I went stumbling across the pitch-dark prairie, brooding, muttering to myself. I caught my toe in a prairie-dog hole and fell down and I remained flopped for a moment, rehearsing a little speech I intended to make.
“Now, I’m telling you, girl. You’re going to straighten up and knock off the nuttiness or it’s going to be down on the mope-pole for you! I’ve had just a big plenty, and from now on.…”
There was a crash—the damnedest one I ever hope to hear. A great bayonet of lightning speared down past my head, and a plume of white fire leaped up from the ground to meet it. There was a blinding flash, literally blinding. The prairie was suddenly as bright as blazing day. I closed my eyes against it. I opened them again on a world that was suddenly so dark that I thought I had lost my sight.
And then it began to rain. Not drops, but streams, rivers and lakes and oceans of water.
It can be a long time between rains in Far West Texas. A year, sometimes two years. Nature doesn’t get around to the place often, and she has to make up for lost time when she does. And she must have had a lot to make up for tonight.
I couldn’t see. I could hardly take a deep breath without drowning. I started running, falling and stumbling at every step. I became completely turned-around, losing all track of where Carol’s housecar was or the camp was or I was.

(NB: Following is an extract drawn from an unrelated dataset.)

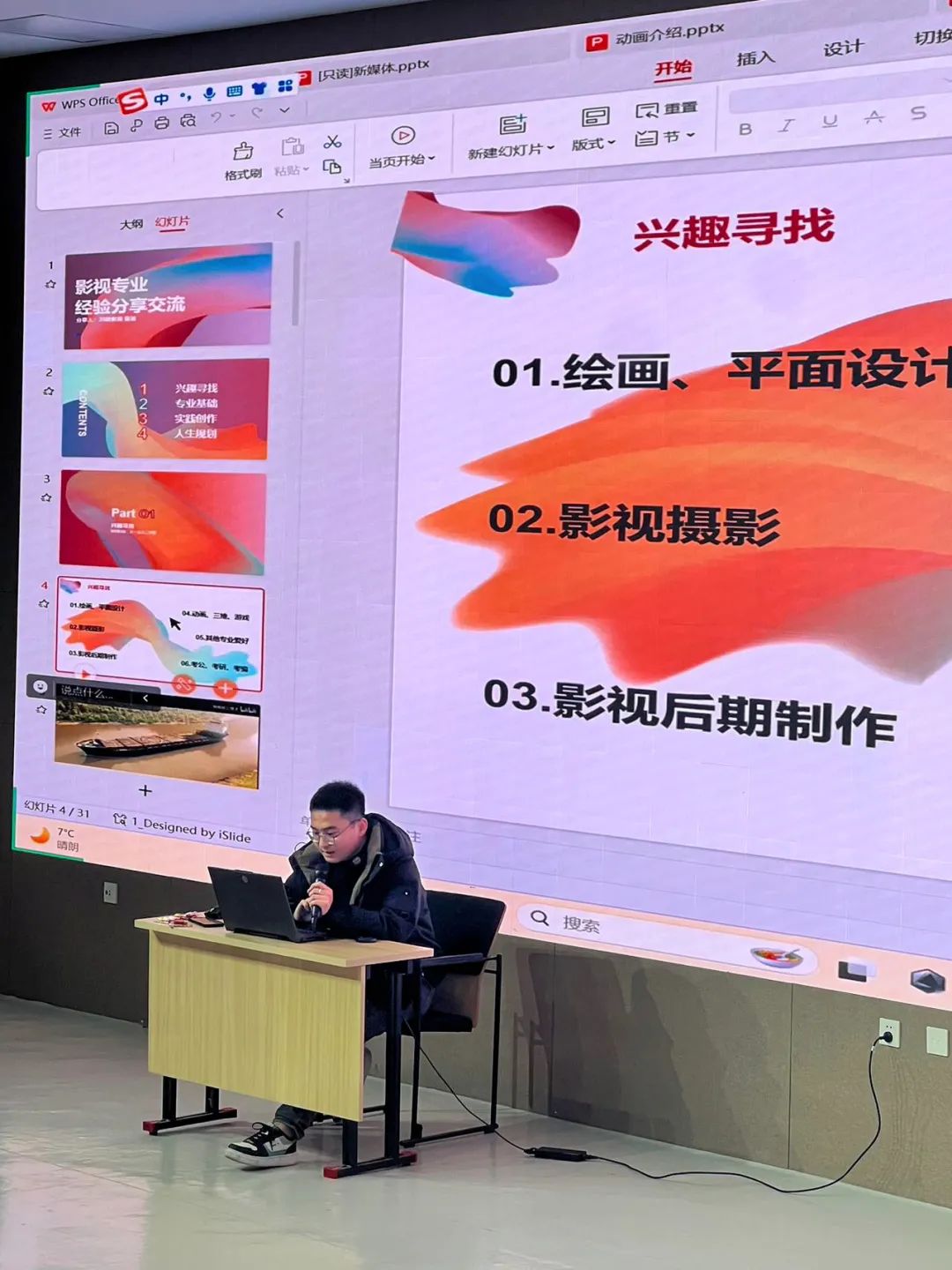 四位主讲同学分别来自动画、数字媒体艺术、新媒体艺术和影视摄影与制作等专业,他们基于自身大学期间学习成长的经验,从专业认知、课程设置、作业练习、拓展自学、成果展示等方面向新生分享了学习心得和学习方法。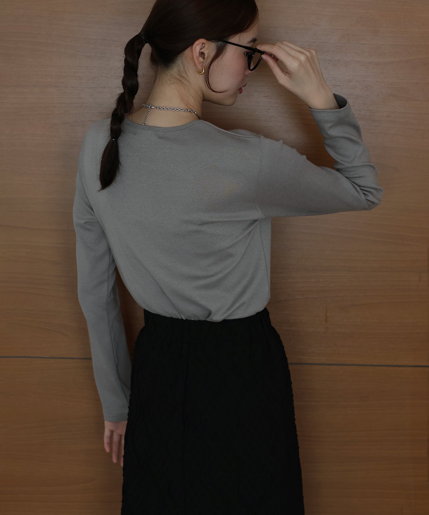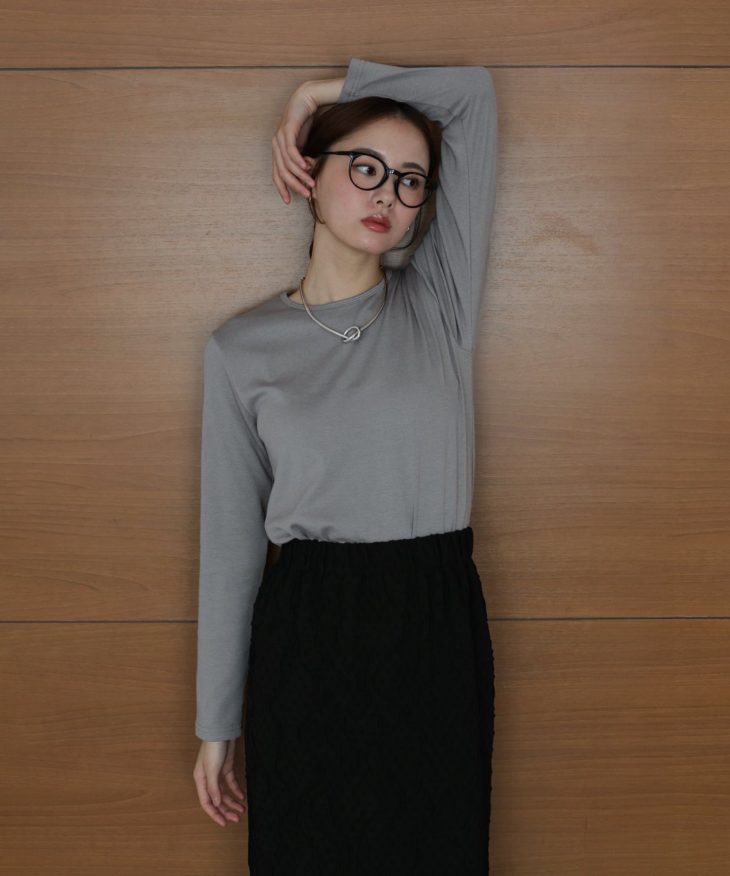 柔らかな綿混素材が肌に心地よく馴染み、ほどよくフィットするシルエットが洗練されたムードを演出します。

I started traveling in what I hoped was a circle, but I didn’t make a very good go of it, I guess, because it was hours before I reached the line. I began following it, following it the wrong way at first and ending up at the far end. I turned around and started back the other way. And then, as abruptly as it had begun, the rain stopped.
Not another drop fell. It simply stopped as suddenly as though a faucet had been closed.
It was dawn by then. When I finally reached camp, the sun was creeping up over the horizon.
It was going to be another scorching hot day. Which meant nothing at all to me at the moment. I was chilled through one side and out the other and I wanted to thaw out at the kitchen range and drink four or five gallons of scalding coffee.